The placebo effect - Thoughts & Language

30-Second Psychology: The 50 Most Thought-provoking Psychology Theories, Each Explained in Half a Minute - Christian Jarrett 2011

The placebo effect
Thoughts & Language

Expectations and context play an important role in how we respond to illness and in the effect that treatments have on us. The US anaesthesiologist Henry Beecher noticed this during the Second World War. Injured troops awaiting their return home displayed far less pain than usual. The reason, Beecher surmised, was that their injuries had come to signify a positive outcome. Similarly, the placebo effect is the benefit that arises from merely expecting a treatment will be beneficial. In drug trials, pharmaceutical companies have to test their products against inert sugar pills to show that any benefit is more than just the placebo effect.
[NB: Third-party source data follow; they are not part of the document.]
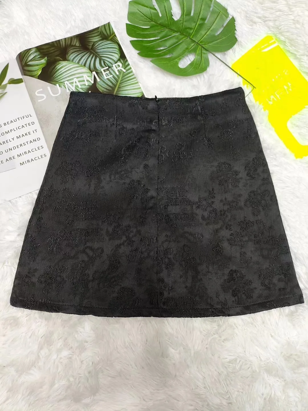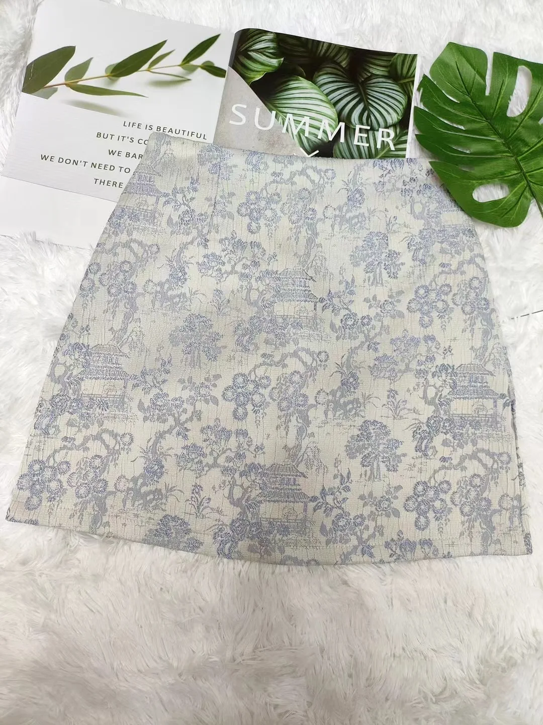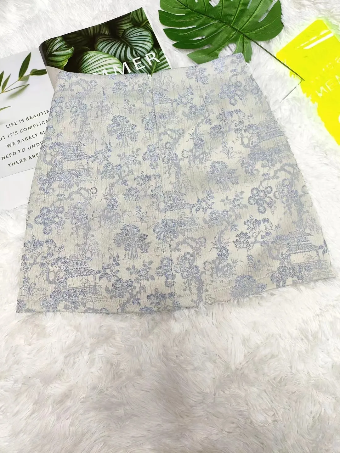 Summer Blue Chinese Jacquard Women's Half Skirts New Fashion Black Wrap Hip Slim High Waist Streetwear Beige Japanese Clothing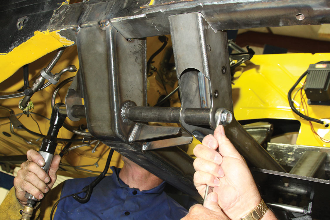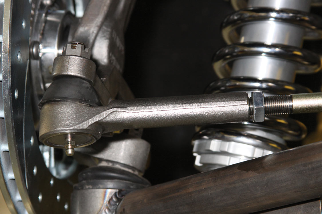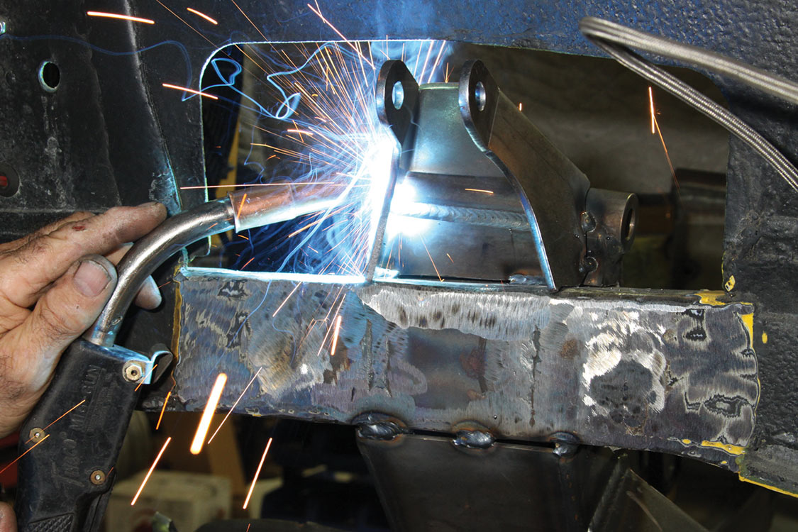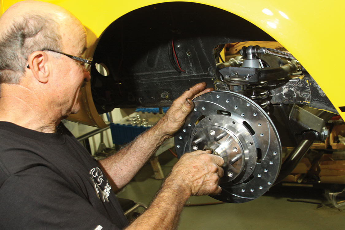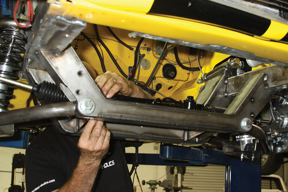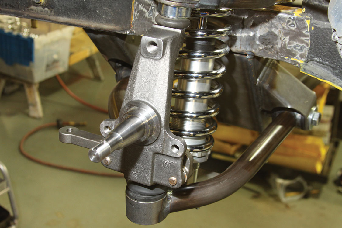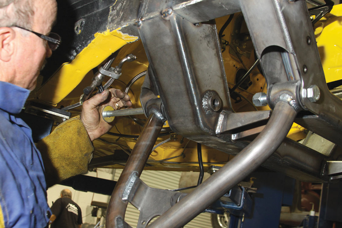 6.Subframe mock-up has been accomplished, allowing Ron to weld a solid bead along all seams. The thing is, you don’t want the steel to distort, which calls for welding 1-2 inches at a time and allowing everything to cool before continuing. Here, the main subframe is welded in segments and allowed to cool. Everything is plumb and true which means component installation will be straightforward.7.The upper shock mount is positioned and secured for welding. It’s a good idea to perform a mock-up here prior to welding. Temporarily install the coil-over shock and lower control arm and position the mount. Then, weld the mount in 1-2-inch beads and allow to cool.8.The upper shock mount is positioned and secured for welding. It’s a good idea to perform a mock-up here prior to welding. Temporarily install the coil-over shock and lower control arm and position the mount. Then, weld the mount in 1-2-inch beads and allow to cool.9.The secondary subframe is positioned and bolted to the main subframe as shown. Contact surfaces are perfectly mated and dimensions checked per the Heidt’s instruction sheet, then bolts are tightened. This gets the front subframe package square and true with the Mustang’s frame rails. Again, check your dimensions before finishing welding.10.The secondary subframe is positioned and bolted to the main subframe as shown. Contact surfaces are perfectly mated and dimensions checked per the Heidt’s instruction sheet, then bolts are tightened. This gets the front subframe package square and true with the Mustang’s frame rails. Again, check your dimensions before finishing welding.11. The secondary subframe is positioned and bolted to the main subframe as shown. Contact surfaces are perfectly mated and dimensions checked per the Heidt’s instruction sheet, then bolts are tightened. This gets the front subframe package square and true with the Mustang’s frame rails. Again, check your dimensions before finishing welding.12.Heidt’s PRO G lower control arms are coated with the urethane lube provided, and bolts are installed and snugged. Do not tighten these bolts until all suspension components have been installed because you want everything in its place before you begin tightening fasteners. Always double and triple check fasteners for tightness and secure with cotter pins before putting the vehicle back on the ground. This is not an issue to take lightly because you don’t want to be caught without steering and suspension.13.Heidt’s PRO G lower control arms are coated with the urethane lube provided, and bolts are installed and snugged. Do not tighten these bolts until all suspension components have been installed because you want everything in its place before you begin tightening fasteners. Always double and triple check fasteners for tightness and secure with cotter pins before putting the vehicle back on the ground. This is not an issue to take lightly because you don’t want to be caught without steering and suspension.14.The PRO G coil-over shocks are installed next. Heidt’s adjustable coil-overs are available in plain or polished, with chromed coil springs. Ride height is adjustable via spring adjustment, and ride quality and dampening are adjustable through two valves and 10-position adjustments so you can fine-tune suspension function. These shocks are 12 ¾ inches extended and 9 ½ inches compressed. They’re easy to install and service.15.Upper control arms employ beveled spacers that go between the Heim joints and subframe. These long bolts serve as the pivot point for upper control arms. What makes PRO G an awesome setup is the fully articulating Heim joints that allow firmness and flexibility at the same time in the PRO G’s upper control arms. Heim joints also allow a full range of camber and caster adjustment.16. Upper control arms employ beveled spacers that go between the Heim joints and subframe. These long bolts serve as the pivot point for upper control arms. What makes PRO G an awesome setup is the fully articulating Heim joints that allow firmness and flexibility at the same time in the PRO G’s upper control arms. Heim joints also allow a full range of camber and caster adjustment.17. PRO G upper and lower control arms as installed on the Stang-Aholics Mustang fastback resto-mod. As you can see, lower arms are fixed position with rock solid urethane bushings that will maintain position with great consistency. Upper arms sporting Heim joints are not only adjustable and fully articulating, they will maintain alignment settings because it’s virtually impossible to knock them out of adjustment.18.Heidt’s 2-inch dropped spindles are set up for the PRO G’s Wilwood disc brakes. This gets your Mustang more intimate with the pavement in road-hugging coolness because down low is where it’s at if you want real handling and good looks. With the Heidt’s lower ride height comes a more useful center of gravity detrimental only to ant mounds because we’re talking low down.19.Ron preps and installs our optional race-bred Wilwood disc brakes, which have conventional spindles and wheel bearings. Bearings have been washed in a petroleum-based solvent and packed with high-temperature wheel bearing grease. Ron ascertains proper seating of inner and outer bearings and lubricates the axle seal. Surfaces between bearings and spindle must be dry for bearing security. The bearing’s inner race should be secure at the axle spindle; it shouldn’t turn. Wilwood disc brakes are easy to service; pad replacement involves this cotter pin, which makes it easy to remove worn pads and install new in a matter of minutes.20.Ron preps and installs our optional race-bred Wilwood disc brakes, which have conventional spindles and wheel bearings. Bearings have been washed in a petroleum-based solvent and packed with high-temperature wheel bearing grease. Ron ascertains proper seating of inner and outer bearings and lubricates the axle seal. Surfaces between bearin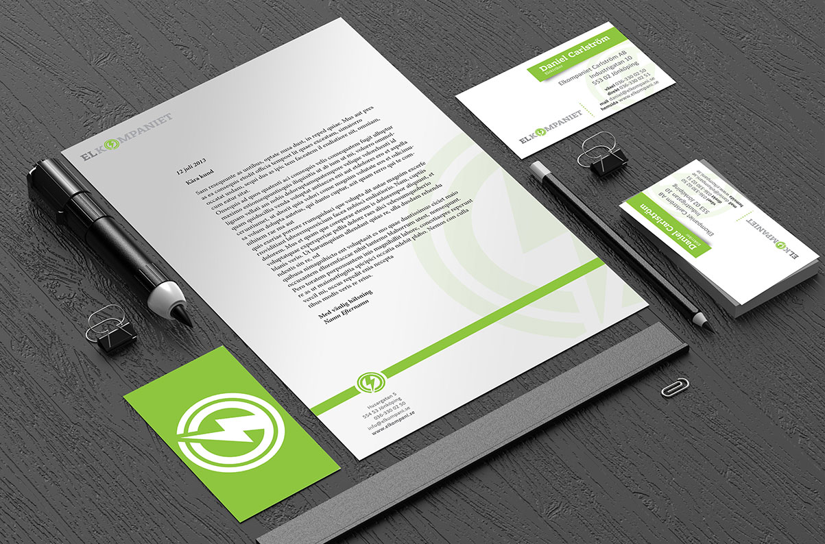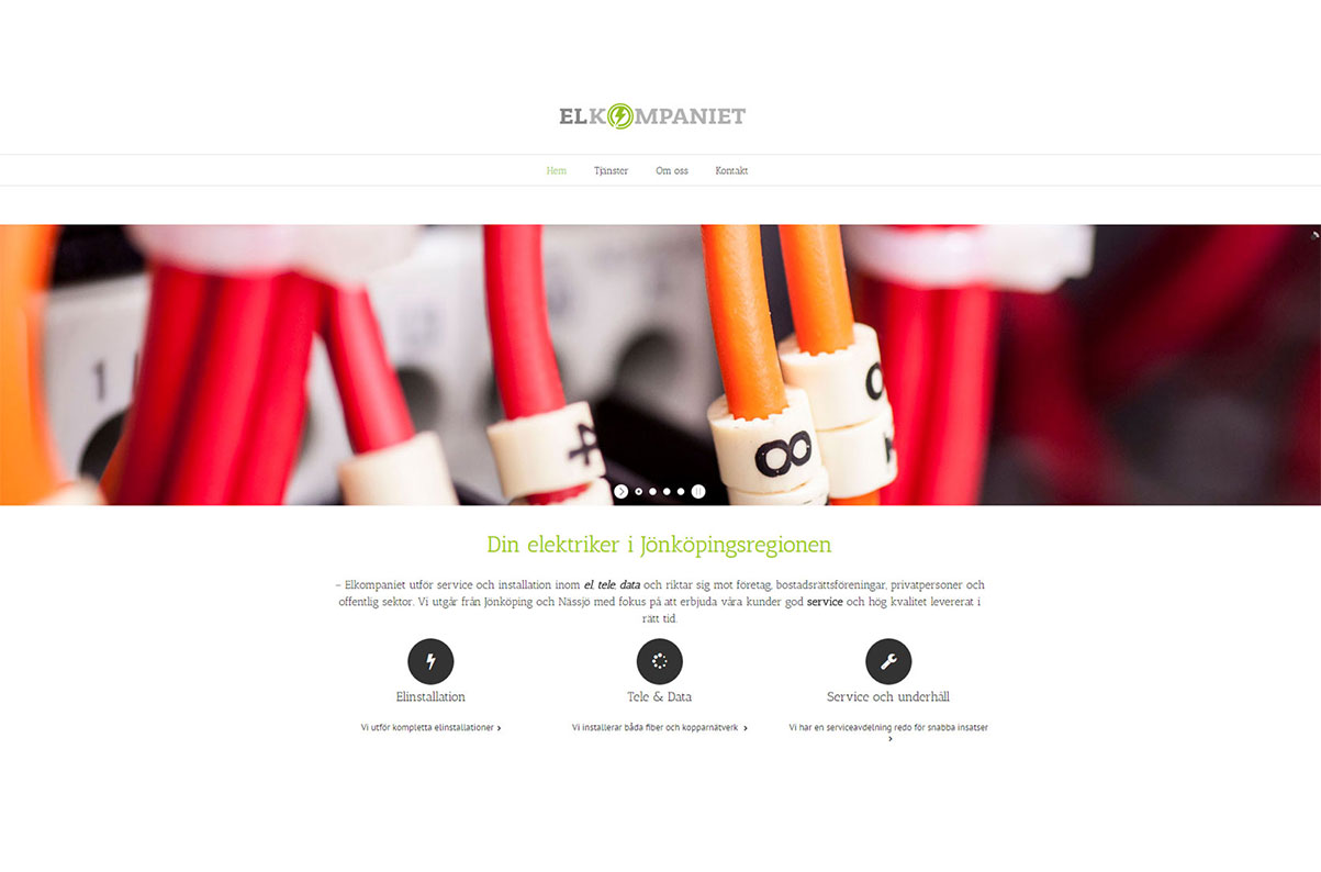 Här skapade vi en grafisk profil med bildekaler inkluderat, personalfoto och en hemsida. Så att Elkompaniet såg bra ut från dag 1.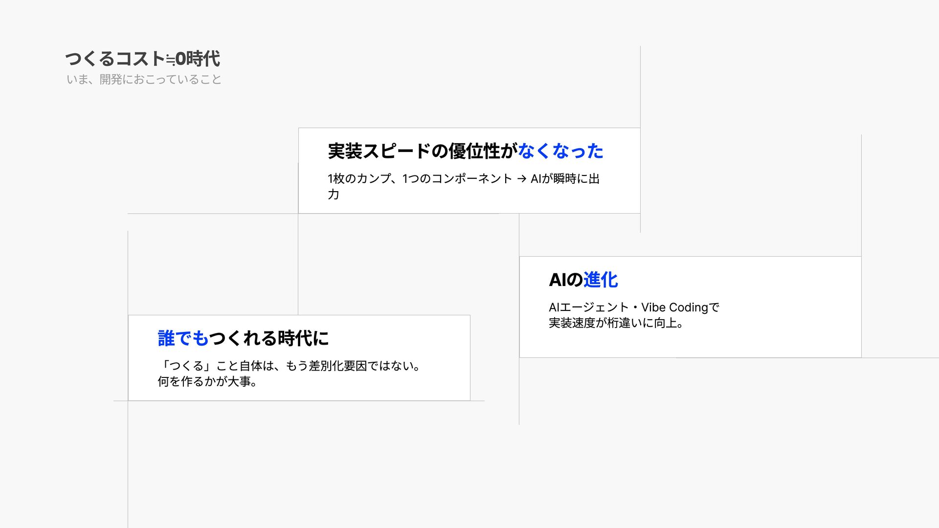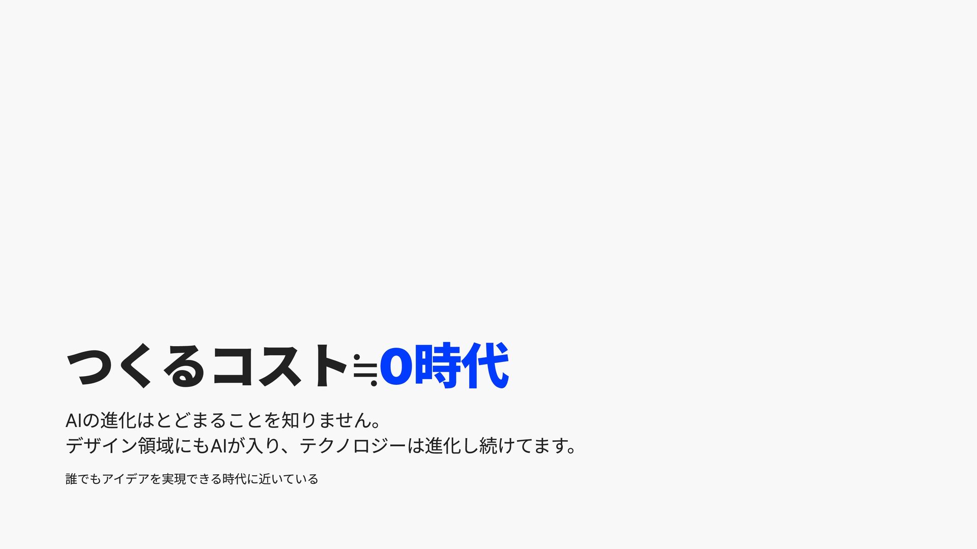 つくるコスト≒0時代 AIの進化はとどまることを知りません。 デザイン領域にもAIが入り、テクノロジーは進化し続け、誰でもアイデアを実現できる時代に近いています。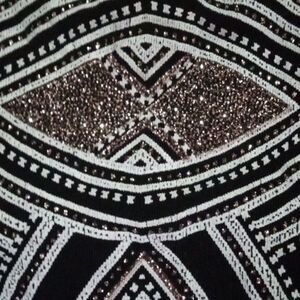 'size 5' measurements in photo. black with white and gold sparkle. some crackling has happened as was washed but not super noticeable and in good shape. brand speechless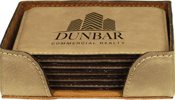 4" x 4" Square Laserable Leatherette 6-Coaster Set. Back of the coaster is faux suede. Ships from: Marquette, Michigan. SKU: gft40x-tc.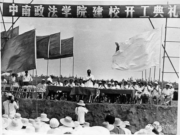 5.建校典礼。80年代,中南政法学院就是在这样一片偏远的荒地上重新建校。建校之初被录取的中南学子,步入校门之时,大多感到失落。他们没想到印象中拥有长江大桥这样巍峨建筑的大都市武汉,还有这么偏远荒凉的地方。很长一段时间,公交车到民院后就不再前行,同学们要下车步行很长一段距离才到学校。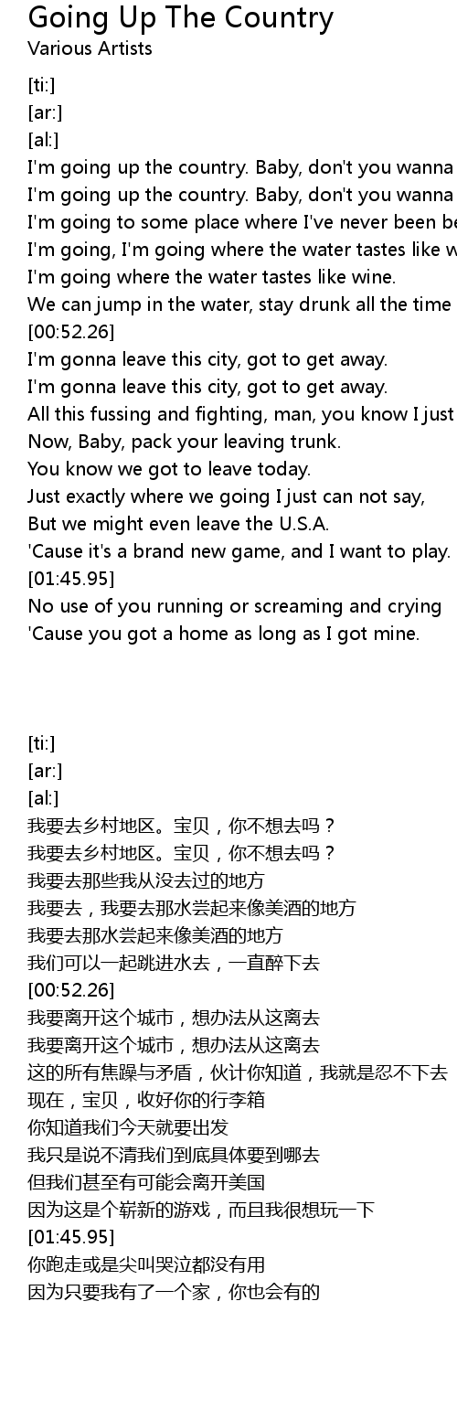I'm going up the country. Baby, don't you wanna go? |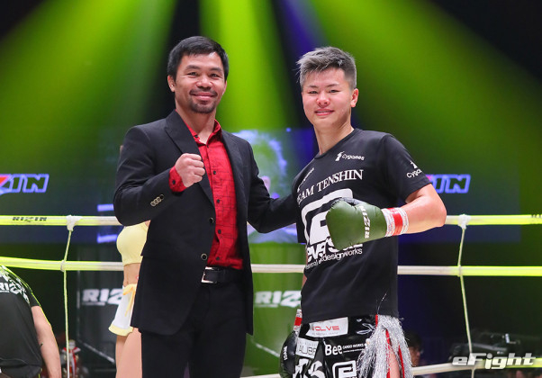 パッキャオと並んで2ショット撮影する那須川天心 (c)RIZIN FF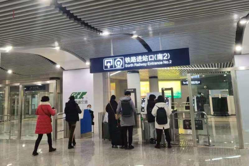 地下通道入口,可进入南站下方新增设的换乘厅。任天驹 摄此次升级改造,南站房下方增设地下换乘厅,让铁路交通与城市交通通过地下换乘大厅实现平层无缝换乘,以后旅客坐3号线、10号线、环线轨道交通,可通过地下换乘厅直接进南站房铁路候车大厅,无需再到地面广场转换进站;坐火车的乘客从南站房出站后,也可以不再安检,直接进入轨道车站乘坐轨道交通,或通过换乘大厅换乘公交车和长途客车。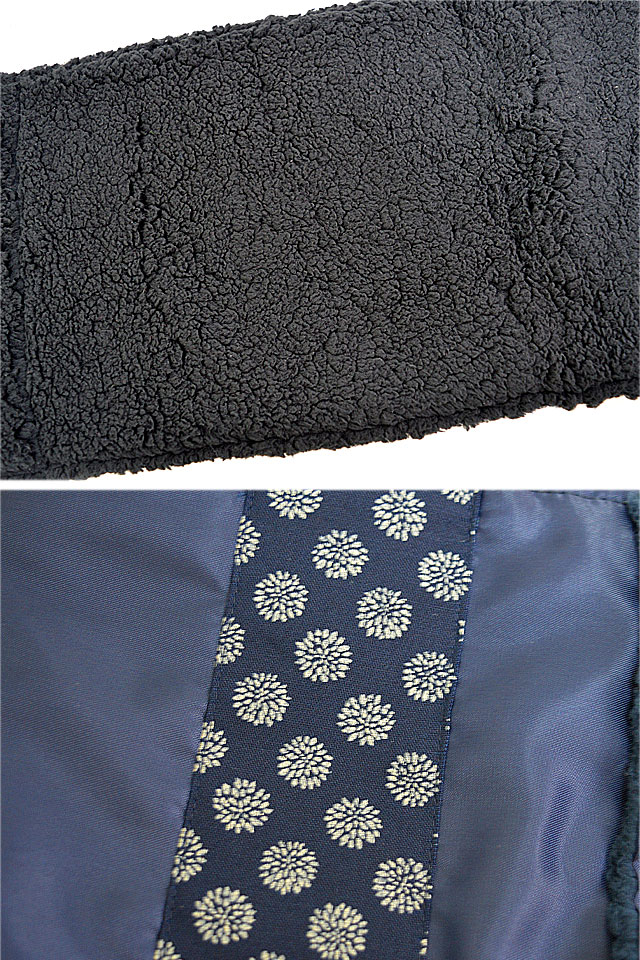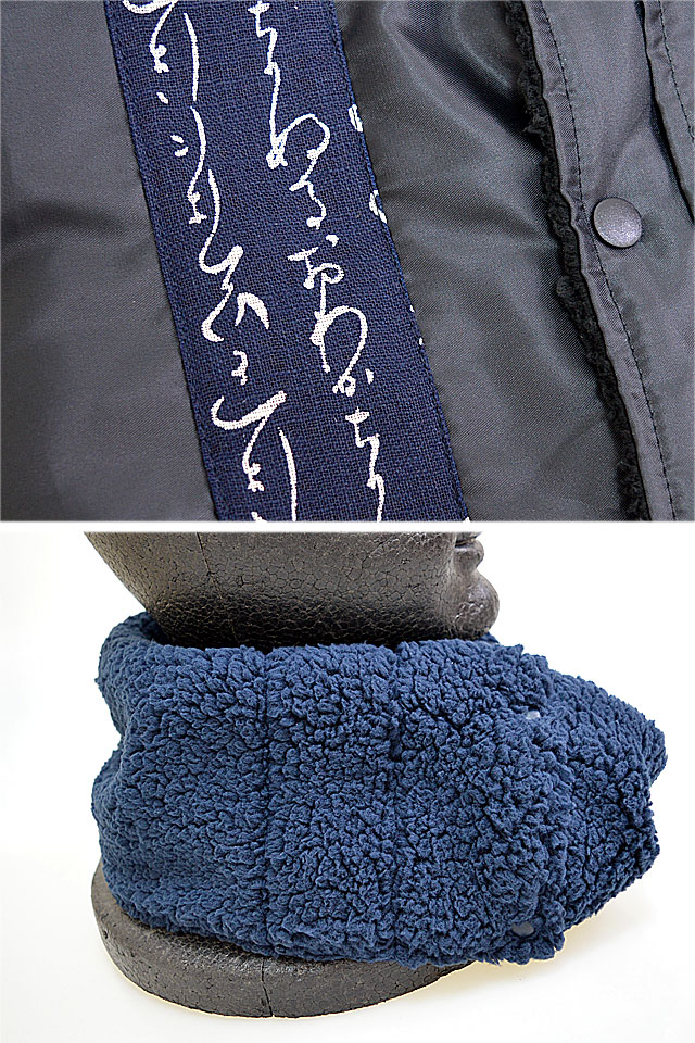 着た人、それを見た人が笑顔になれる、他にはないデザインを提供し続けている「喜人」さんから「モコモコリバーシブルネックウォーマー(KJ-12910)」のご紹介です。 襟元が寒いけどボアの襟付きは室内では暑いし、でも脱ぐと暑いし……。 片面のナイロン部分には和の生地が縫い付けられており、折り曲げると和のアクセント使いが出来るようになっています。 |
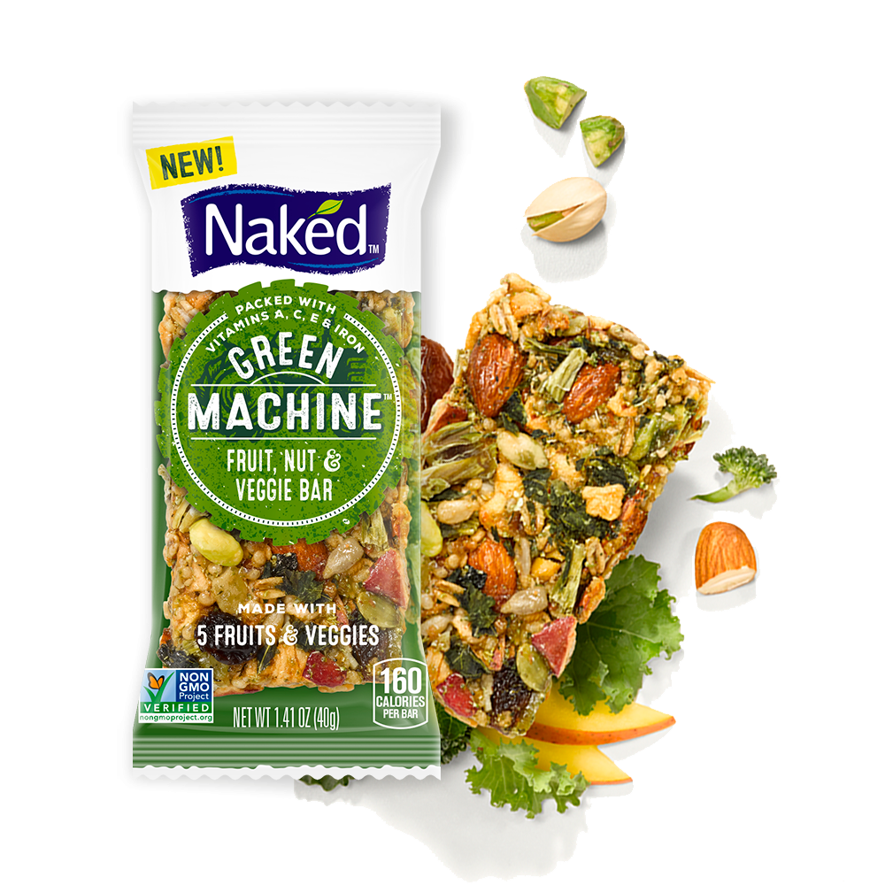 Fruit & nut bar made with 5 fruits & veggies, by Naked.

Some drugs, such as diazepam (for treating anxiety), are more powerful than placebo but only if the patient is told what the drug is for — in other words, the drug acts as a placebo amplifier. Similarly, morphine is less effective if the patient is unaware they are receiving it. The placebo effect is not ’all in the mind’. In the context of pain it works via the release of the brain’s own inbuilt painkillers — the opioids. If the brain’s opioid receptors are blocked with a drug called naloxone, the placebo effect disappears.

3-SECOND PSYCHE

The mere expectation that a treatment will make you better is enough to set in train beneficial physiological processes in the brain and body.

3-MINUTE ANALYSIS

The placebo effect has an evil twin known as the nocebo effect. This is when the expectation of harm or pain becomes a self-fulfilling prophesy, even in the absence of any known physical effect. One candidate for the nocebo effect is the discomfort some people report experiencing after using mobile phones. Scientists have failed to identify a physical cause, so it’s possible the adverse effects are caused by negative beliefs about the technology.

RELATED THEORIES

POSITIVE PSYCHOLOGY

STEREOTYPE THREAT

3-SECOND BIOGRAPHY

HENRY BEECHER

1904—1976

30-SECOND TEXT

Christian Jarrett

Image

Even the colour of a pill can influence its effectiveness. Stimulants are more effective if they’re red, sedatives work better when they’re blue.